YOUR GOAL -> Set down every record below exactly as written, but leave out the pictures.

DATA ->
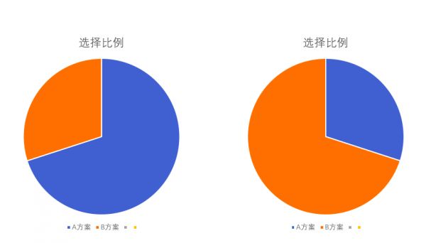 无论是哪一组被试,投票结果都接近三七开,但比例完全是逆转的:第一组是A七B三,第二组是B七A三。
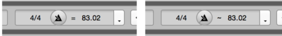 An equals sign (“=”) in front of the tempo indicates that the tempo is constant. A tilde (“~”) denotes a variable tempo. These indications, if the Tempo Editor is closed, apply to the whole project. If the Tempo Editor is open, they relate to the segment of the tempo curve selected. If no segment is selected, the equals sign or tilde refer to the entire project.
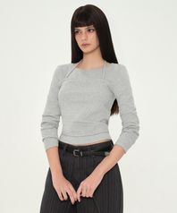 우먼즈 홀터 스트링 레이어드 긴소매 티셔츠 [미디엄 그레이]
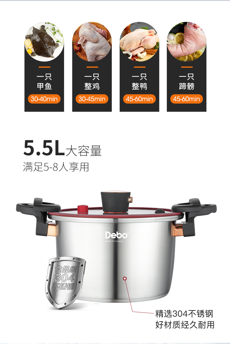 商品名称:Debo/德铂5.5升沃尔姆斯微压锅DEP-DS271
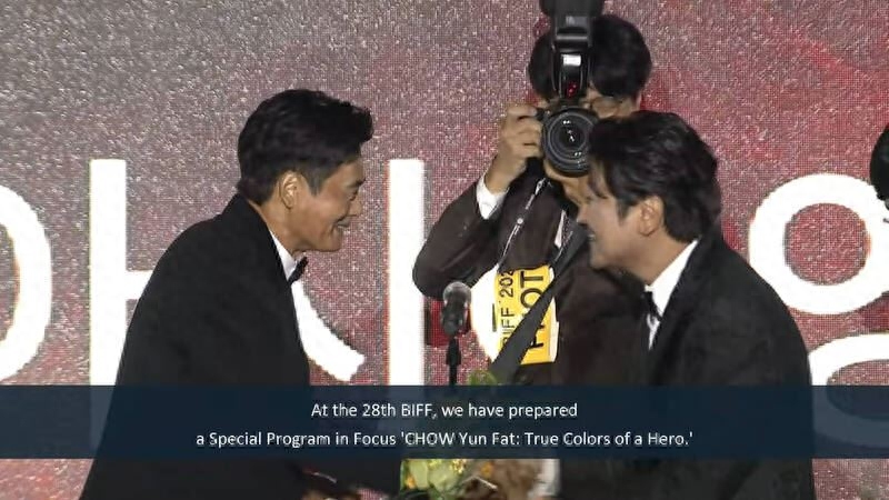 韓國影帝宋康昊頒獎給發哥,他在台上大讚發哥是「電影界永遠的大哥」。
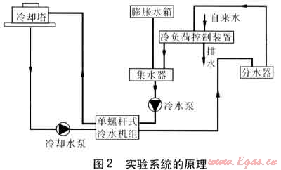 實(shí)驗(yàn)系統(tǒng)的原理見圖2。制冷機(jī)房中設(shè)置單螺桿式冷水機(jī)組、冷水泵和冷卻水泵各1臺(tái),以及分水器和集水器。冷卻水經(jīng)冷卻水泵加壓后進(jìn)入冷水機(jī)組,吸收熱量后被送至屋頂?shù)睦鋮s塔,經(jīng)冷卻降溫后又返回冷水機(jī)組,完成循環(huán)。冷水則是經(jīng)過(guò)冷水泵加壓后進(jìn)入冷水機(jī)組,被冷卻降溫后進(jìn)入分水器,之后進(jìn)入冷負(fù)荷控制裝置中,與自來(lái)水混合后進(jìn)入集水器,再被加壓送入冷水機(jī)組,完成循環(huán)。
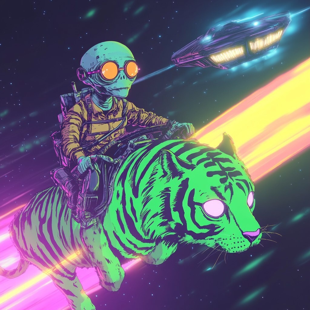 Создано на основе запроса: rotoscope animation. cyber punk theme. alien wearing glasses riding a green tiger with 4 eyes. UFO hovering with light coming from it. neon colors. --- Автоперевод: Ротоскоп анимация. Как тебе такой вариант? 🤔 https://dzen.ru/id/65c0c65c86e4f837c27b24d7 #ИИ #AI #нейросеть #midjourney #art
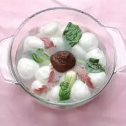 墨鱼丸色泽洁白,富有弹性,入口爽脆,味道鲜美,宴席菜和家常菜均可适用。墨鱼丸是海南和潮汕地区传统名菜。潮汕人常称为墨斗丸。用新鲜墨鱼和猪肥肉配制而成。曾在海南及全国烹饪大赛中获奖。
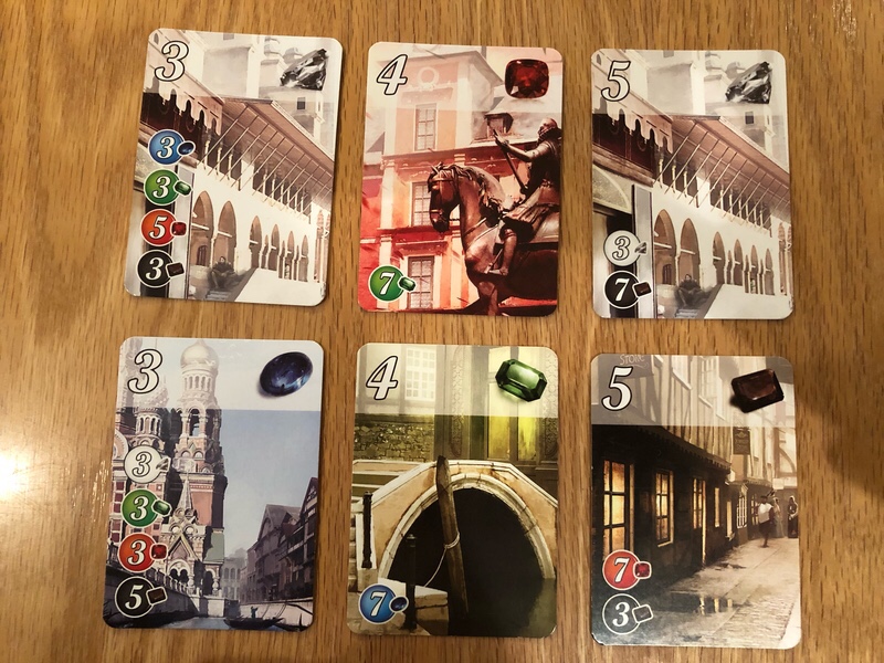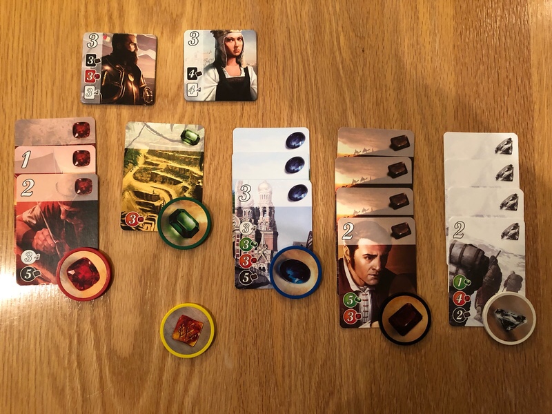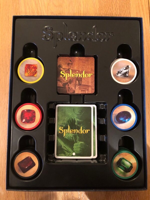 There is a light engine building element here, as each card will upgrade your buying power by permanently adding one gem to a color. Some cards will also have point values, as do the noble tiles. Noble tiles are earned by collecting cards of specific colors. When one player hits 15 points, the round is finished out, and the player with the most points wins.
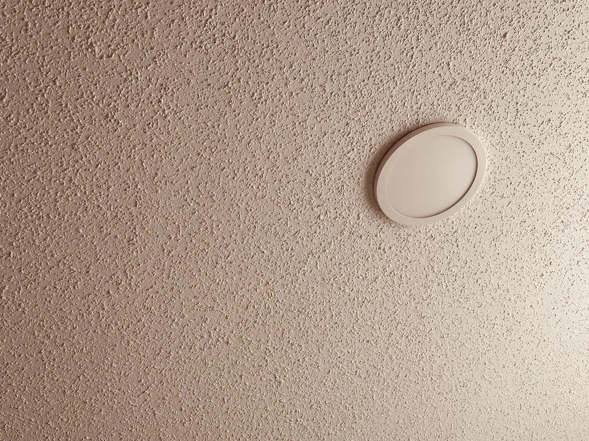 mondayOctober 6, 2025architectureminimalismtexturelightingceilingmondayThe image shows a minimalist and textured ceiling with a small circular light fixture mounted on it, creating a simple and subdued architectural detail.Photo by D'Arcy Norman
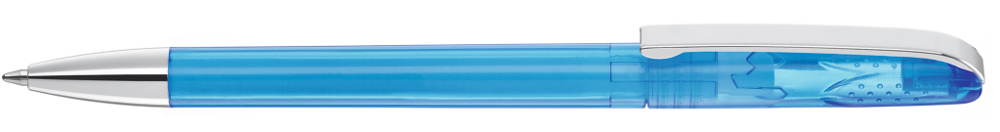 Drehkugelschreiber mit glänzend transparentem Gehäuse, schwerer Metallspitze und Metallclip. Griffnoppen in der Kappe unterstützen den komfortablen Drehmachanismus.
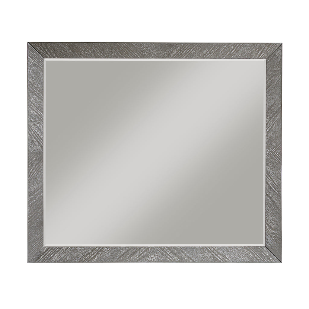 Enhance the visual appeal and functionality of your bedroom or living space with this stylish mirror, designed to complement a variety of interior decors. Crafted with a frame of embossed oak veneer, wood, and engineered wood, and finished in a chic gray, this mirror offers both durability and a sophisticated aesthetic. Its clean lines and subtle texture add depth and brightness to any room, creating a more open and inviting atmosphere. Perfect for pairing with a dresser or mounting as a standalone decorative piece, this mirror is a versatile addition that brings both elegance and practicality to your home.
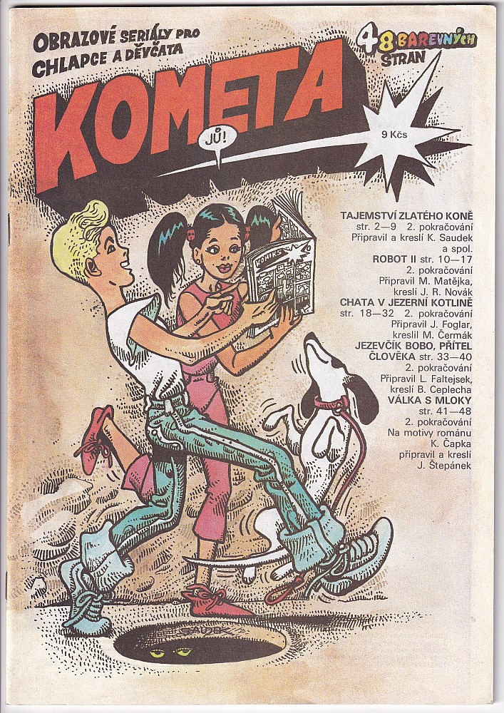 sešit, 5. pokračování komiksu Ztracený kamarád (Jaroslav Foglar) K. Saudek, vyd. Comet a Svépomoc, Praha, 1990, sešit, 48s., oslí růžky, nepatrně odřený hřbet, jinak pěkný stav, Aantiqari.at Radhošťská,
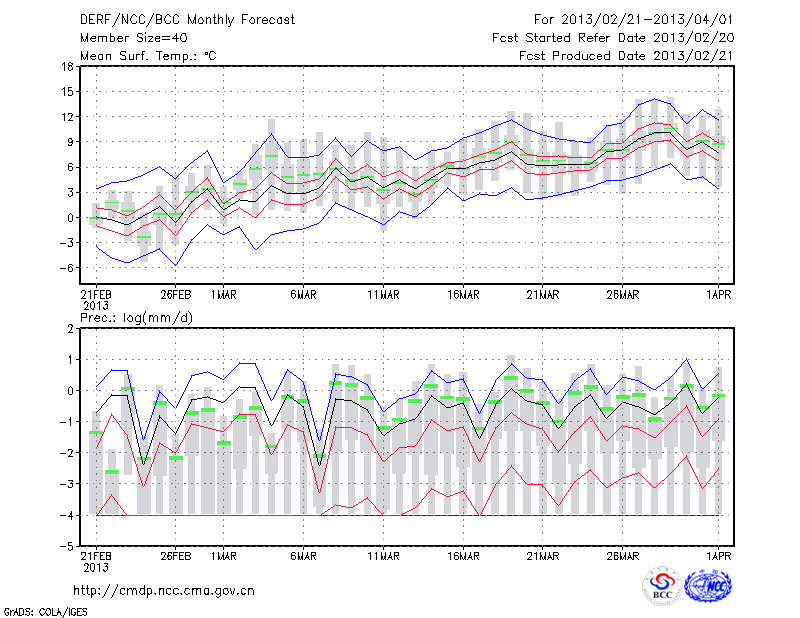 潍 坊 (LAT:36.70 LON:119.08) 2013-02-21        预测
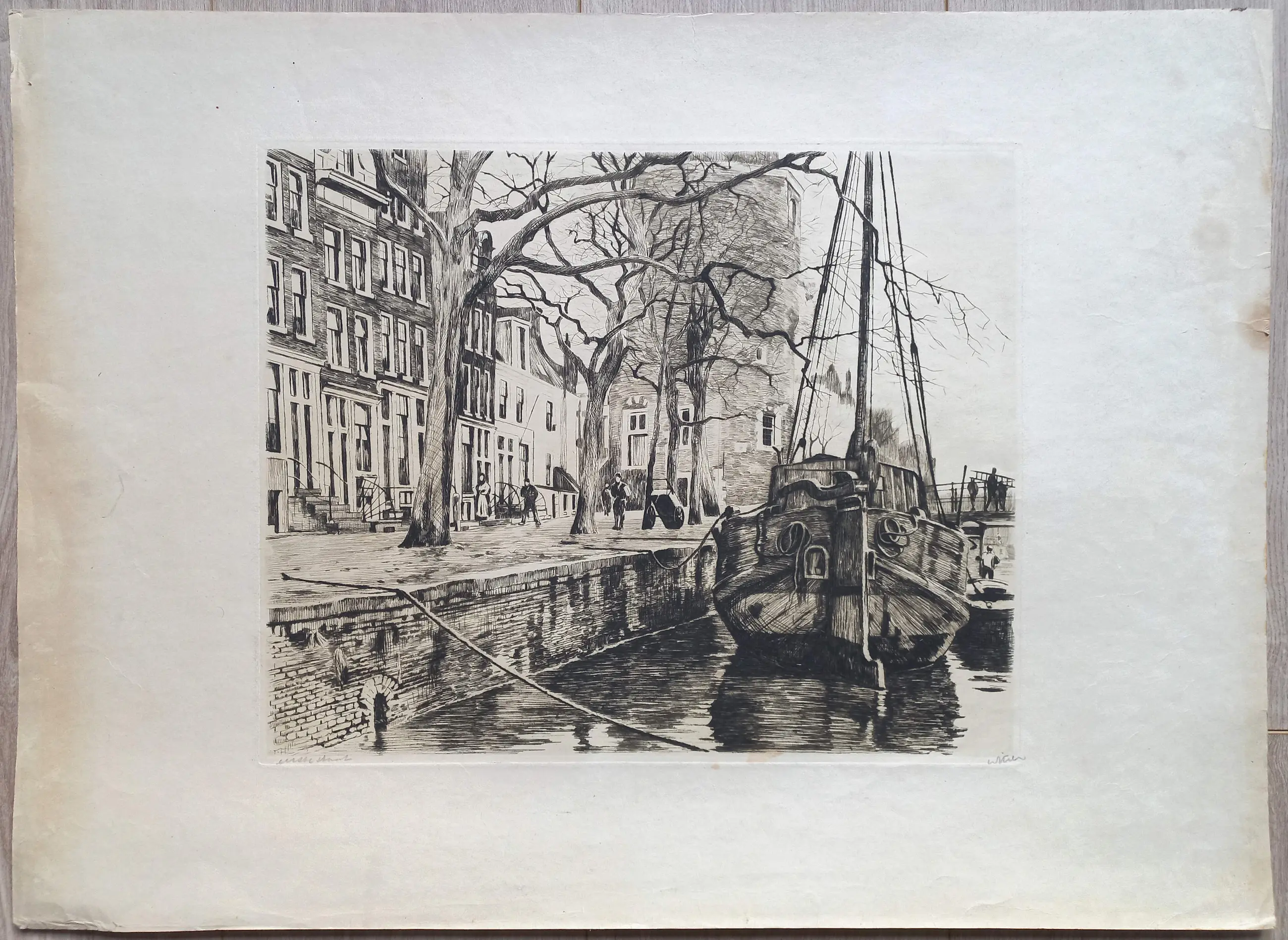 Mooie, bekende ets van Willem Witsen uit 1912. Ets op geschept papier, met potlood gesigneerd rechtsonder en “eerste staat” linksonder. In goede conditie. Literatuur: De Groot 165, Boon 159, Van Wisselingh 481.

RESULT FOR THIS EXERCISE ->
 无论是哪一组被试,投票结果都接近三七开,但比例完全是逆转的:第一组是A七B三,第二组是B七A三。
 An equals sign (“=”) in front of the tempo indicates that the tempo is constant. A tilde (“~”) denotes a variable tempo. These indications, if the Tempo Editor is closed, apply to the whole project. If the Tempo Editor is open, they relate to the segment of the tempo curve selected. If no segment is selected, the equals sign or tilde refer to the entire project.
 우먼즈 홀터 스트링 레이어드 긴소매 티셔츠 [미디엄 그레이]
 商品名称:Debo/德铂5.5升沃尔姆斯微压锅DEP-DS271
 韓國影帝宋康昊頒獎給發哥,他在台上大讚發哥是「電影界永遠的大哥」。
 實(shí)驗(yàn)系統(tǒng)的原理見圖2。制冷機(jī)房中設(shè)置單螺桿式冷水機(jī)組、冷水泵和冷卻水泵各1臺(tái),以及分水器和集水器。冷卻水經(jīng)冷卻水泵加壓后進(jìn)入冷水機(jī)組,吸收熱量后被送至屋頂?shù)睦鋮s塔,經(jīng)冷卻降溫后又返回冷水機(jī)組,完成循環(huán)。冷水則是經(jīng)過(guò)冷水泵加壓后進(jìn)入冷水機(jī)組,被冷卻降溫后進(jìn)入分水器,之后進(jìn)入冷負(fù)荷控制裝置中,與自來(lái)水混合后進(jìn)入集水器,再被加壓送入冷水機(jī)組,完成循環(huán)。
 Создано на основе запроса: rotoscope animation. cyber punk theme. alien wearing glasses riding a green tiger with 4 eyes. UFO hovering with light coming from it. neon colors. --- Автоперевод: Ротоскоп анимация. Как тебе такой вариант? 🤔 https://dzen.ru/id/65c0c65c86e4f837c27b24d7 #ИИ #AI #нейросеть #midjourney #art
 墨鱼丸色泽洁白,富有弹性,入口爽脆,味道鲜美,宴席菜和家常菜均可适用。墨鱼丸是海南和潮汕地区传统名菜。潮汕人常称为墨斗丸。用新鲜墨鱼和猪肥肉配制而成。曾在海南及全国烹饪大赛中获奖。
 There is a light engine building element here, as each card will upgrade your buying power by permanently adding one gem to a color. Some cards will also have point values, as do the noble tiles. Noble tiles are earned by collecting cards of specific colors. When one player hits 15 points, the round is finished out, and the player with the most points wins.
 mondayOctober 6, 2025architectureminimalismtexturelightingceilingmondayThe image shows a minimalist and textured ceiling with a small circular light fixture mounted on it, creating a simple and subdued architectural detail.Photo by D'Arcy Norman
 Drehkugelschreiber mit glänzend transparentem Gehäuse, schwerer Metallspitze und Metallclip. Griffnoppen in der Kappe unterstützen den komfortablen Drehmachanismus.
 Enhance the visual appeal and functionality of your bedroom or living space with this stylish mirror, designed to complement a variety of interior decors. Crafted with a frame of embossed oak veneer, wood, and engineered wood, and finished in a chic gray, this mirror offers both durability and a sophisticated aesthetic. Its clean lines and subtle texture add depth and brightness to any room, creating a more open and inviting atmosphere. Perfect for pairing with a dresser or mounting as a standalone decorative piece, this mirror is a versatile addition that brings both elegance and practicality to your home.
 sešit, 5. pokračování komiksu Ztracený kamarád (Jaroslav Foglar) K. Saudek, vyd. Comet a Svépomoc, Praha, 1990, sešit, 48s., oslí růžky, nepatrně odřený hřbet, jinak pěkný stav, Aantiqari.at Radhošťská,
 潍 坊 (LAT:36.70 LON:119.08) 2013-02-21        预测
 Mooie, bekende ets van Willem Witsen uit 1912. Ets op geschept papier, met potlood gesigneerd rechtsonder en “eerste staat” linksonder. In goede conditie. Literatuur: De Groot 165, Boon 159, Van Wisselingh 481.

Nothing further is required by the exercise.